March 13, 2019 – Eater
I Saturday morning and a crowd of 30 people has already clogged the narrow central aisle of Mexico City’s Mercado de San Juan, the gourmet food market in the historic center. Bottles of Pacifico pass from hand to hand as waiting customers dance to banda music blaring from a precariously placed loudspeaker over chef Luis Valle’s cramped, chaotic kitchen. Flames leap as Valle throws a whole octopus onto the charcoal grill.
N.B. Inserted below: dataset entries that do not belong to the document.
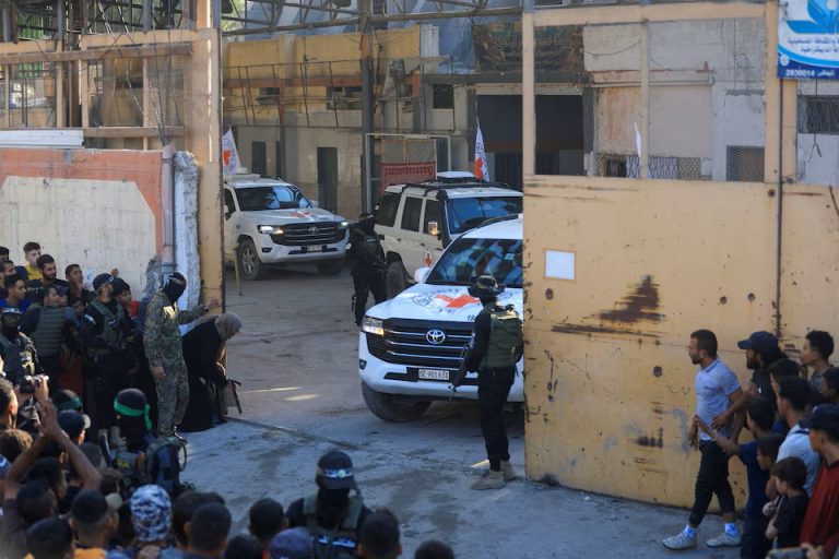 हमासले सोमबार गाजामा रहेका २० जीवित इजरायली बन्धकहरू मध्ये पहिलो सातजनालाई अन्तर्राष्ट्रिय रेडक्रसका प्रतिनिधिहरूलाई हस्तान्तरण गरेको छ ।
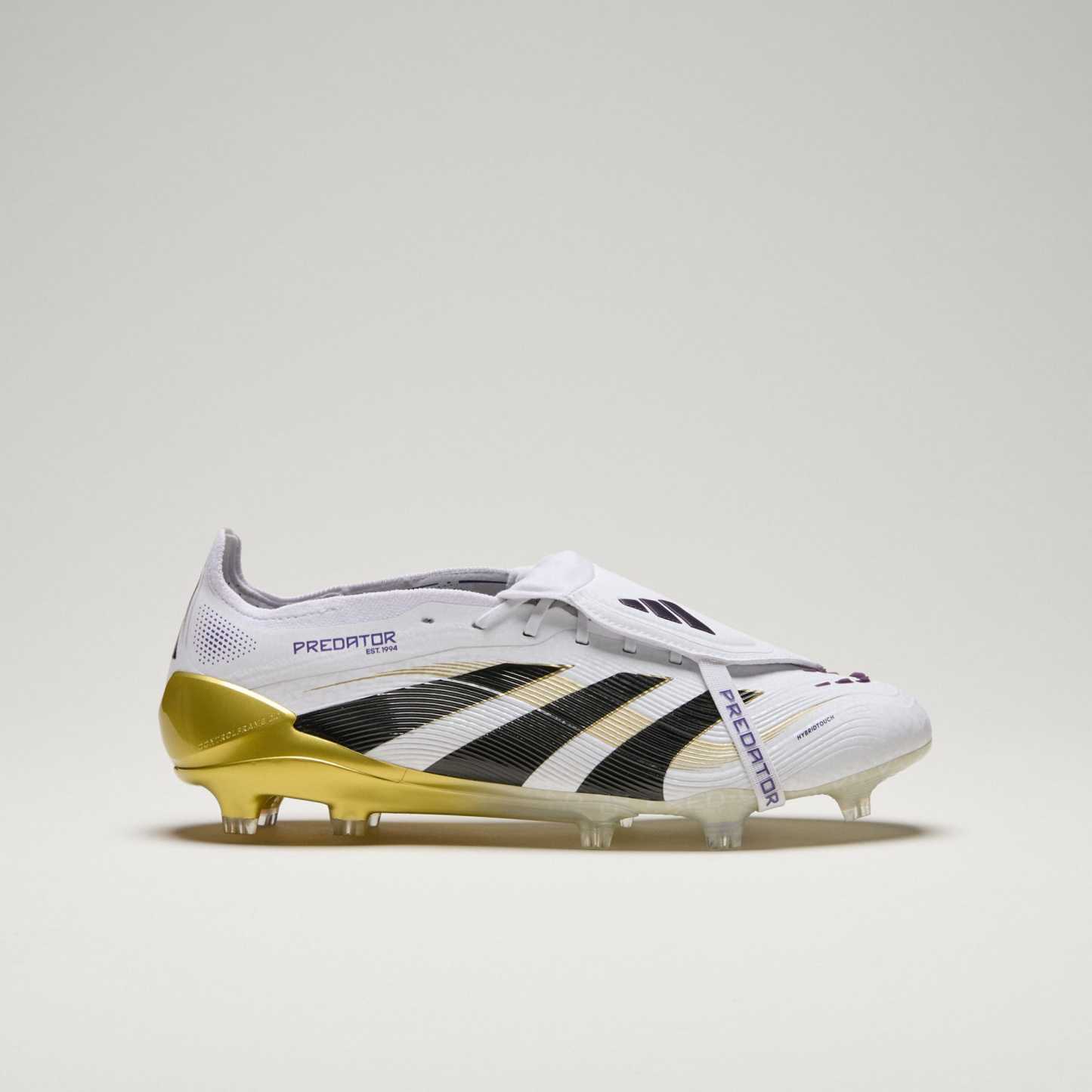 Discover the difference between aiming to score and knowing you will with adidas Predator cleats that are crafted for goals. These Elite cleats have a HybridTouch upper with a fold-over tongue and rubber Strikeskin fins that help provide perfect contact with the soccer. The Controlframe 2.0 firm ground outsole and adidas PRIMEKNIT collar are designed to give you a stable stance when the goal's at your mercy.
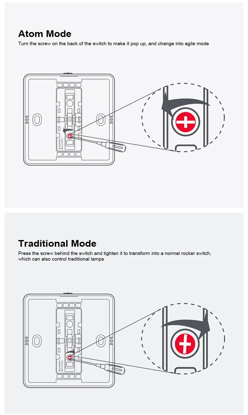 Нажмите винт за переключателем и затяните его, чтобы преобразиться в обычный кулисный переключатель, который также может управлять традиционными лампами
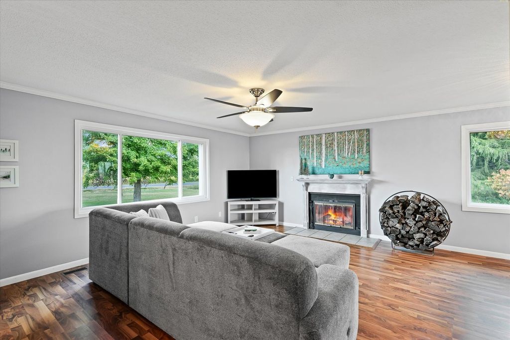 Nestled on nearly an acre with low taxes, this spacious 3-bedroom, 2-bath ranch offers an open floor plan, abundant natural light, and a long list of updates. Recent improvements include a high-efficiency heat pump system, siding, gutters, flooring, and kitchen upgrades with refreshed cabinetry, dishwasher, microwave, and range. Many Pella windows and two sliding doors were also replaced in 2013, adding to the home's energy efficiency and style. The inviting living room centers around a wood-burning fireplace, while the family room and primary suite both open to a large concrete patio overlooking the expansive yard. Located near Carle Clinic on Mattis, shopping, restaurants, and Curtis Road interstate access, this home combines convenience with comfort and space both inside and out.

Plates of crab tostadas, raw scallops as wide as beer bottles, and grilled tacos stuffed with smoked marlin pass over the counter by the dozen.
The dish that made Valle and his eight-seat stall, Don Vergas, famous within months of its opening in February 2018 is aguachile, the unofficial state dish of his native Sinaloa. The backs of six small shrimp crest a shallow pool of lime juice, their tails cozy under a tangle of red onion, cucumber, and cilantro criollo. Valle crumbles a pair of tiny, spherical chiltepín, a wild chile from Sinaloa’s eastern foothills, between his thumb and forefinger, showering the plate in a red flurry of capsaicin. The shrimp, still uncured by the lime (as they would be in ceviche), are slick and sweet and snap like cucumber.
The dish tastes like the sea and the dry inland forest, as bright and dazzling as Valle himself, cracking jokes to customers who, in the span of just a few minutes, have become his new best friends. Among his favorite subjects was the origin story of the dish itself, its beginnings as an indigenous preparation that had drifted out of Sinaloa’s eastern hills and west toward the Pacific, a version of the dish that he’d never actually tasted himself.